Here is the complete list specification

List Class

The list class specifies a generic parameter for its elements and internally makes use of a sequence to store them. It supports all methods of Python’s list class except for sort. In the case of sort, since the elements are of a generic type, a general comparison function cannot be used. Where possible, preconditions are specified in order to restrict the possible uses. For instance, the pop method specifies that the length of the list should be greater than one so that a verification will be raised if it is not:

method pop() returns (popped: T)
  requires |lst| > 0
  modifies this
  ensures lst == old(lst)[0..|old(lst)| - 1] ensures popped == old(lst)[|old(lst)| - 1]
{
  popped := lst[|lst| - 1];
  lst := lst[0..|lst| - 1]; 
}

Rewriting Lists

In rewriting Python lists to correspond to the Dafny list class, the following operations are performed:

  1. for every literal list such as [1, 2, 3], an assignment statement is created whose right-hand expression is a call to the list constructor. The literal list is then replaced with the assignment’s identifier
  2. subscripts are converted to their corresponding to method call in the list class [0..3] would be converted to .range(0, 3)
  3. the Python built-in function len is converted to the len method of the list class. len([1, 2, 3]) would be converted to [1, 2, 3].len().

Primitive Operations

To extend primitive operation support for datastructures, type inference can be used to recognize recognize these operations involving datastructures and rewrite them accordingly. This remains to be implemented.

Built-Ins

Together with the translated user program, a set of functions specified in Dafny is also appended before the Dafny verifier is executed. These functions correspond to built-in functions in Python and enables them to be incorporated as part of the verification process. Currently, map and filter are supported.

Here are the built-in specifications

Type Variables

Python:

from typing import TypeVar
T = TypeVar("T")
# reads l
# pre len(l) > 0
# post res1 == l[0]
def first(l: list[T]) -> T:
  return l[0]

Dafny:

function method first<T>(l: list<T>): (res1: T)
  reads l
  requires (l.len() > 0)
  ensures (res1 == l.atIndex(0)) 
{
  l.atIndex(0) 
}

Assumptions:

  • type variables are only declared at the top level of the program
  • all functions make use of any declared type variables

Type variables are supported via Dafny’s generic types. All top level assignment statements are checked for whether their assignment target is a call expression declaring a type variable, obtaining a list of type variables in the entire program. All Dafny functions are then parameterized with all the variables in the list.

Type Synonyms

Python:

ConnectionOptions = dict[str, str]
Address = tuple[int, int]
Server = tuple[Address, Address]

Dafny:

type ConnectionOptions = map<string, string>
type Address = (int, int)
type Server = (Address, Address)

A type synonym declaration can be recognized by checking the right-hand-side of an as- signment.
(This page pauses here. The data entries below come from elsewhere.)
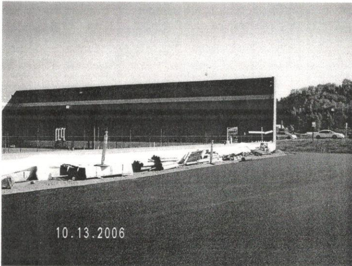
SOUTH SIDE LOOKING NE

If using the Elevation Certificate to obtain NFIP flood insurance, affix at least two building photographs below according to the instructions for Item A6. Identify all photographs with: date taken; "Front View" and "Rear View"; and, if required, "Right Side View" and "Left Side View." If submitting more photographs than will fit on this page, use the Continuation Page, following.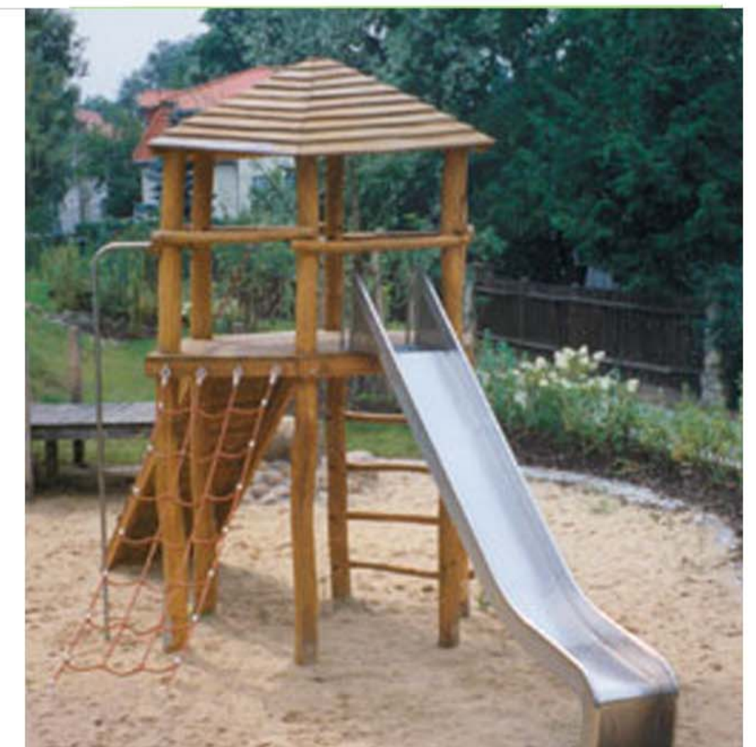
Children's Play Company Otford Multiuse Timber Play Equipment with steel slide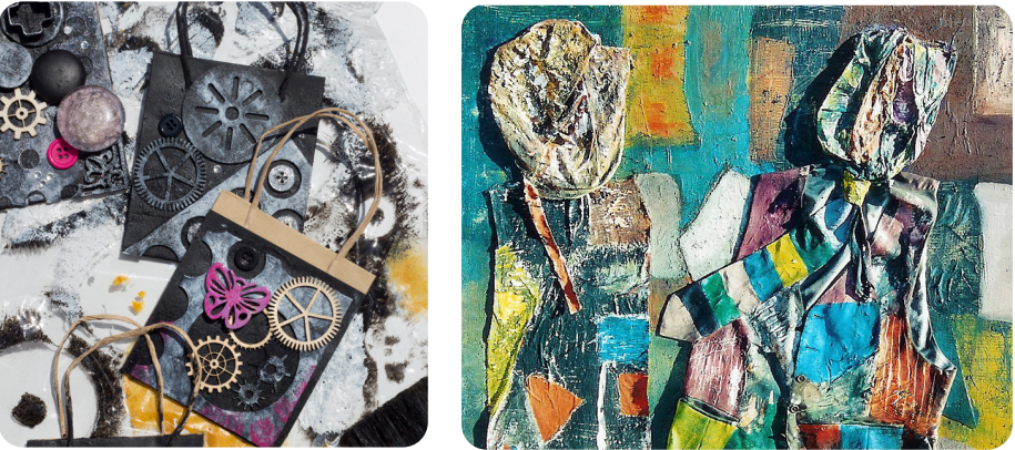
mixed media collages

The term ‘mixed media’ describes artwork that uses more than one medium, such as paper, fabric, photographs and 3-D objects, like buttons. Collage is a type of mixed media art.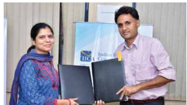
Representatives of IPE and IICA during MoU signing ceremony

Institute of Public Enterprise has signed an MoU with Indian Institute of Corporate Affairs on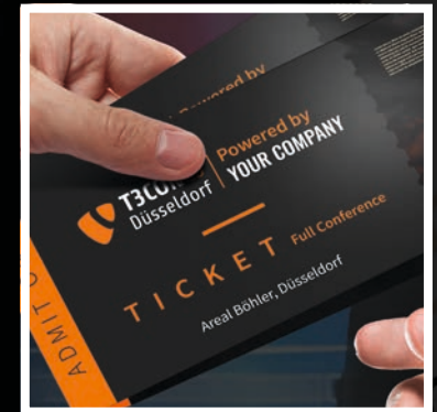
Five Conference Tickets included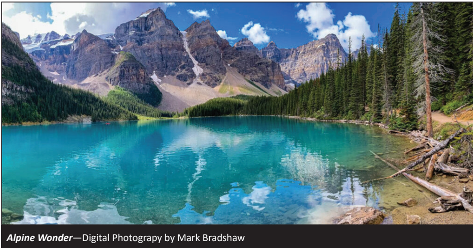
Alpine Wonder —Digital Photography by Mark Bradshaw

Featured in the Members' Gallery Celebrating Black Artists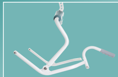
Pivot Frame - PF01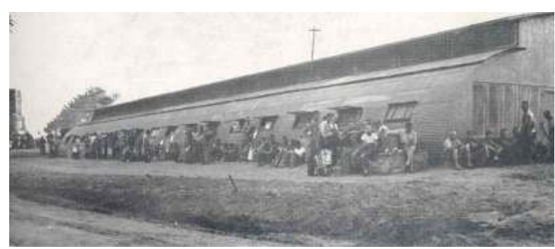
Mess hall, Camp Makibaru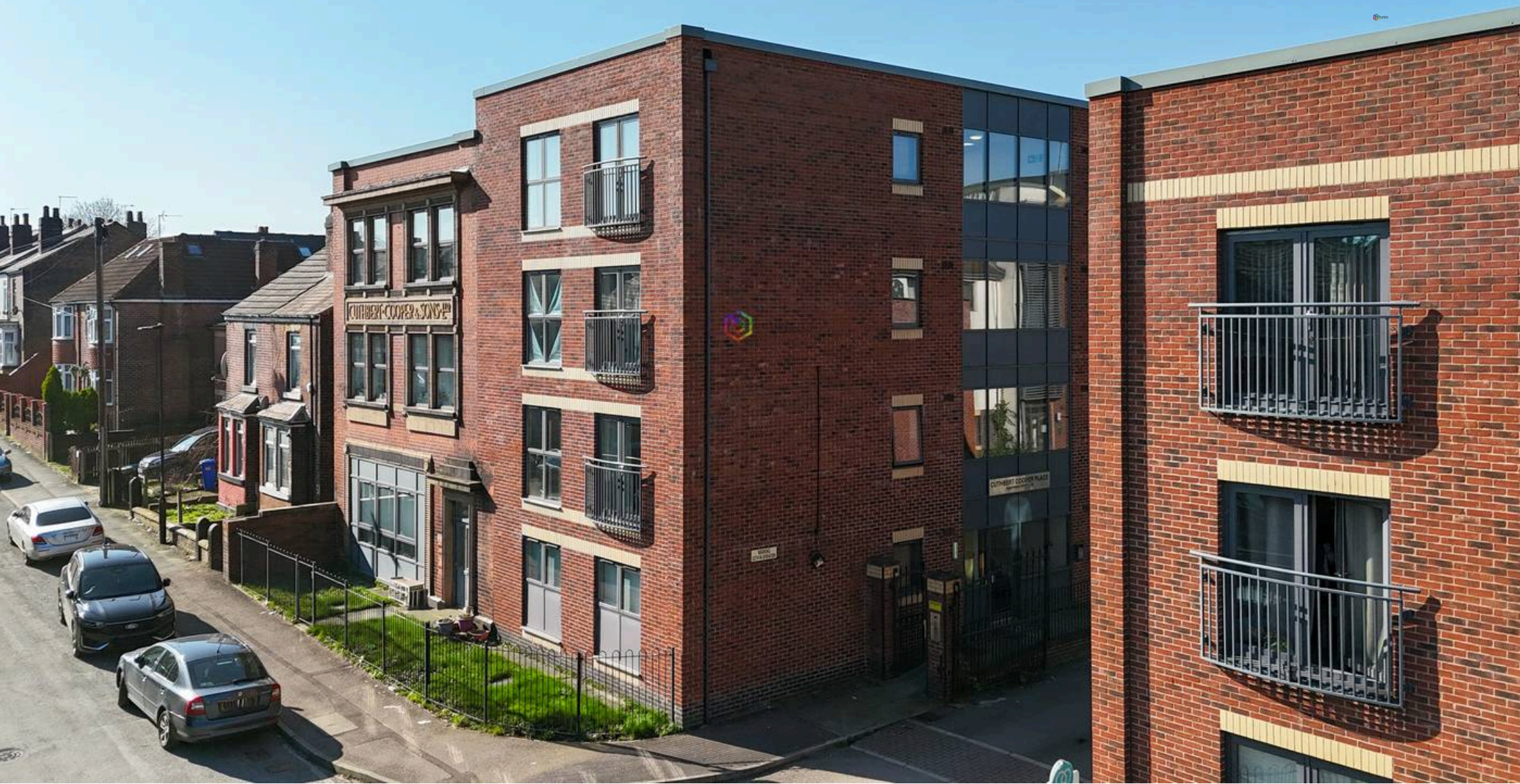
4 Cuthbert Cooper Place, Sheffield £90,000

Their identifiers are stored in a set of strings. All assignments are then checked for whether their right-hand-side contains any such identifier. If so, the assignment is assumed to be a type synonym declaration and converted appropriately to Dafny.
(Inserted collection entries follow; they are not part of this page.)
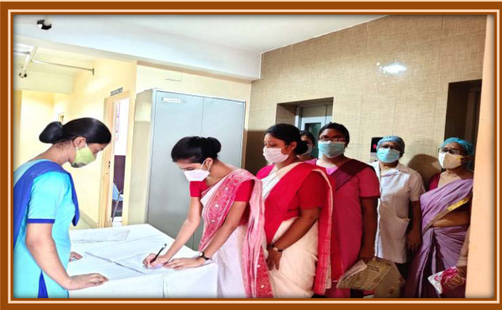
Registration and Reception of participants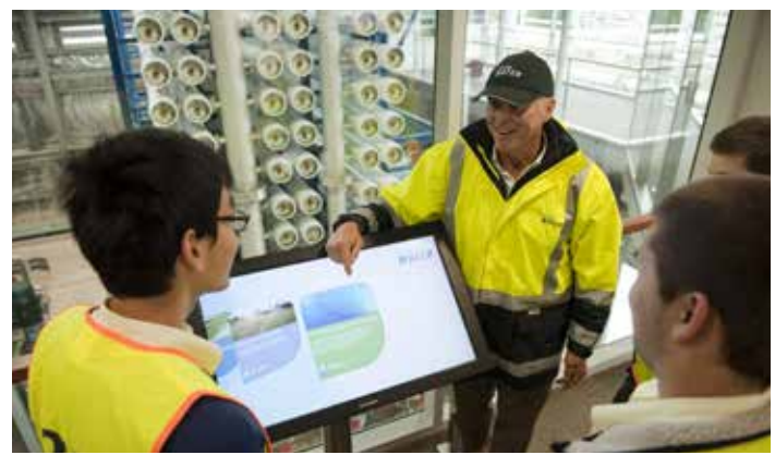
Students learn about the reverse osmosis treatment process at our St Marys Water Recycling Plant

For bookings and more information or to tour other Sydney Water recycling plants, email tours@sydneywater.com.au or call 1800 724 650.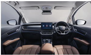
Black & Brown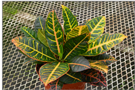
Petra Variegated Croton in full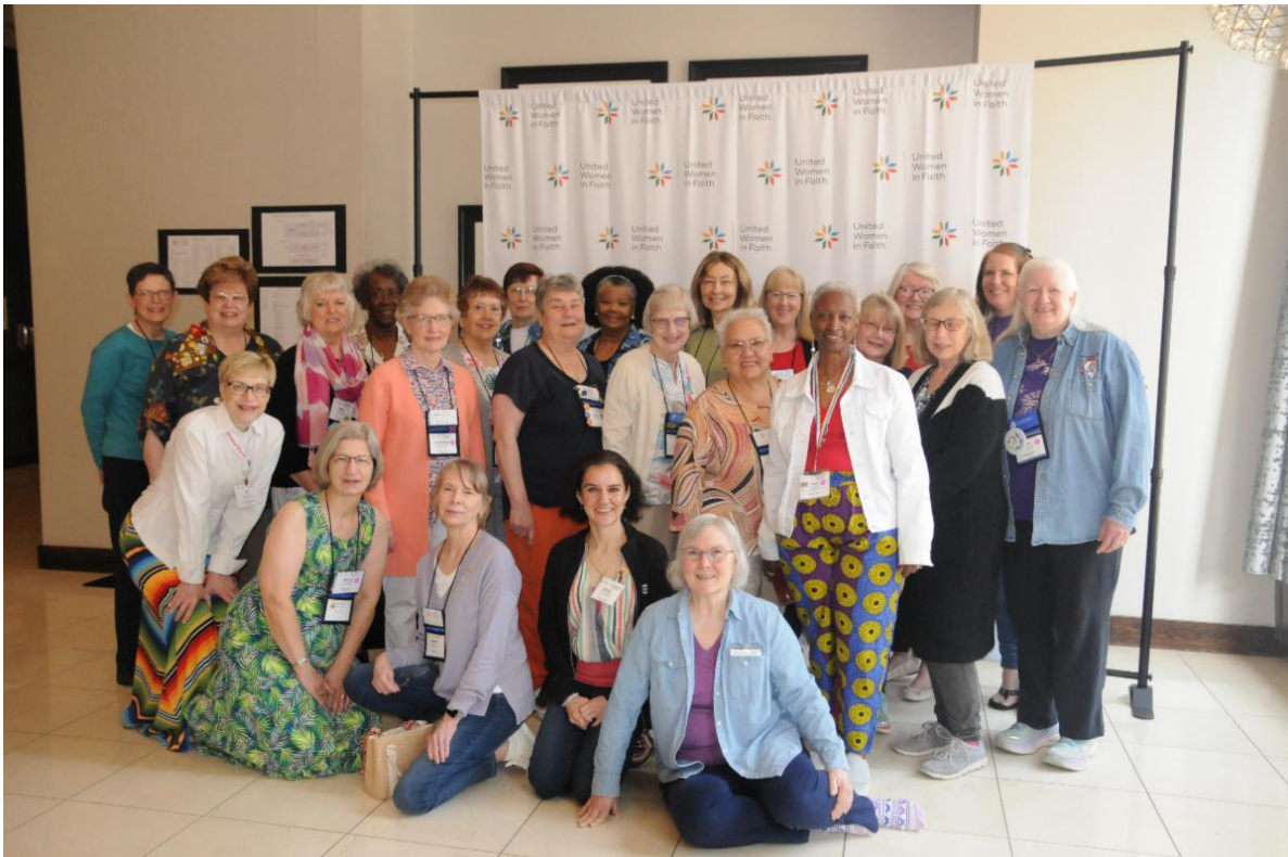
Northern Illinois Conference attendees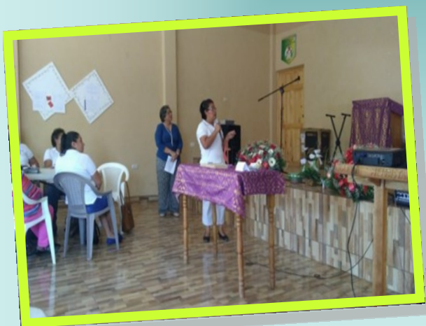
Presentation of the works of each female society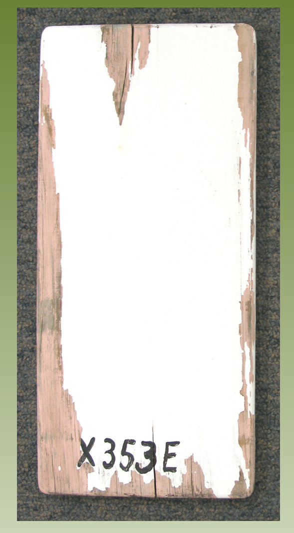
*3 coat alkyd system after 5 years roof exposure (note timber decay).

The alkyd based products were all from a major well known manufacturer.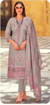
●●● Style No./ 1905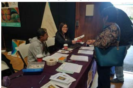
STEPS at Juntos Podemos Forum

STEPS volunteered throughout the event which focused on the importance of healing through art. Also, STEPS had a table where they gave out information about drugs and alcohol.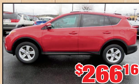
2013 Toyota Rav 4 Stk#CT22A Sale Price: $15,688 • 72 Mos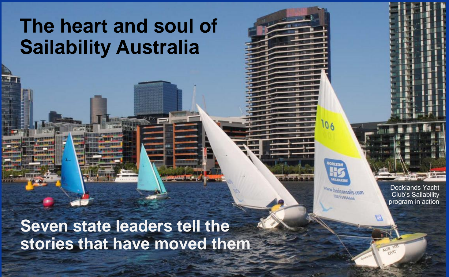
Docklands Yacht Club's Sailability program in action

Seven state leaders tell the stories that have moved them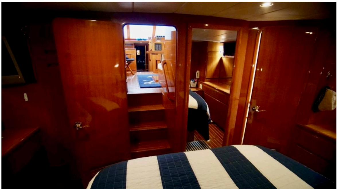
Master Hanging Locker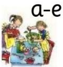
Make a cake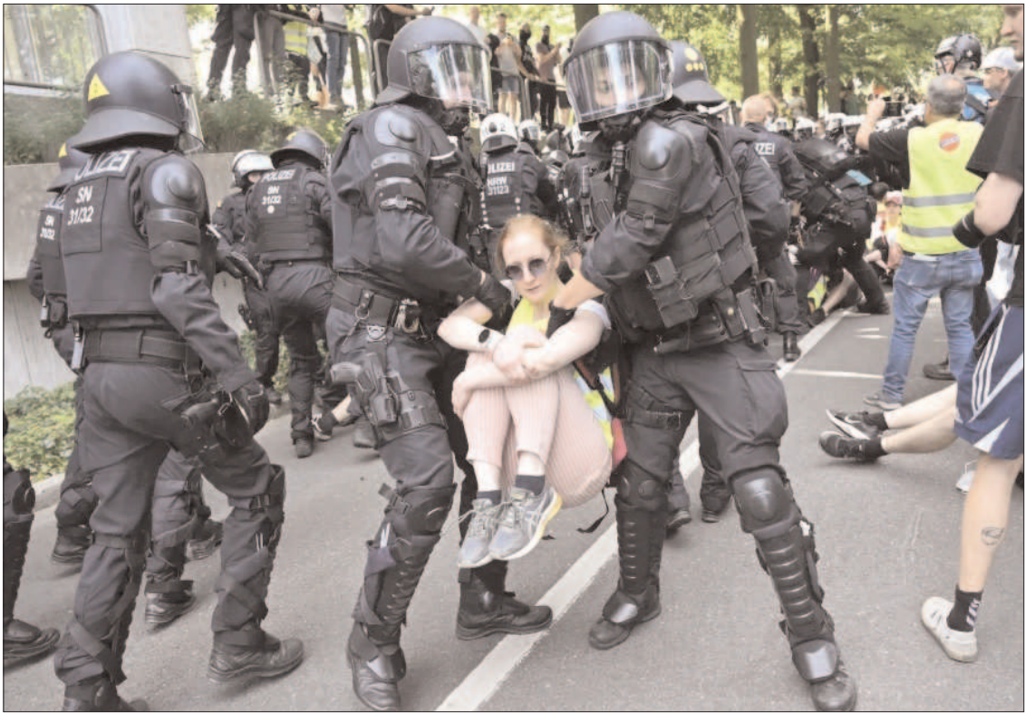
BERLIN: Police break up a sit-in blockade not far from the Grugahalle, in Essen, Germany.

Function Calls in Specifications

# post res == x
def f(x: int) -> int: 
  return x

i = 10
# invariant 0 <= i and i <= 10 
# invariant i == f(i)
while 0 < i:
  i=i-1

This is a limitation imposed by Dafny which does not support methods in specifications. To mitigate this, functions which contain a single return statement or expression are translated to Dafny function methods instead, which can be used in specifications. This is done by pattern matching on the bodies of all functions in the program.
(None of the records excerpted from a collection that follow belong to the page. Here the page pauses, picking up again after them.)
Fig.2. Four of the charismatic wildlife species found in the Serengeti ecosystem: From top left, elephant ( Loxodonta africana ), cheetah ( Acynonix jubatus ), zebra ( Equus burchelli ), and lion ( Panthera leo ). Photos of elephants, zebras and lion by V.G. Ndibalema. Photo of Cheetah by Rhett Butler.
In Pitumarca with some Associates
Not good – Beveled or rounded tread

Otherwise, functions are not supported in specifications.

Function Calls in Expressions

method one() returns (res: int)
    ensures res == 1
{
  return 1;
}
method call_one() {
  var a := 10 * one();
}

Such calls are not supported by Dafny. To support them, the following rewriting rules are used:

  1. insert an assignment statement immediately before the statement in which the expression occurs and whose right-hand side is the method call
  2. replace the method call in the expression context with the identifier of the new assignment inserted in 1.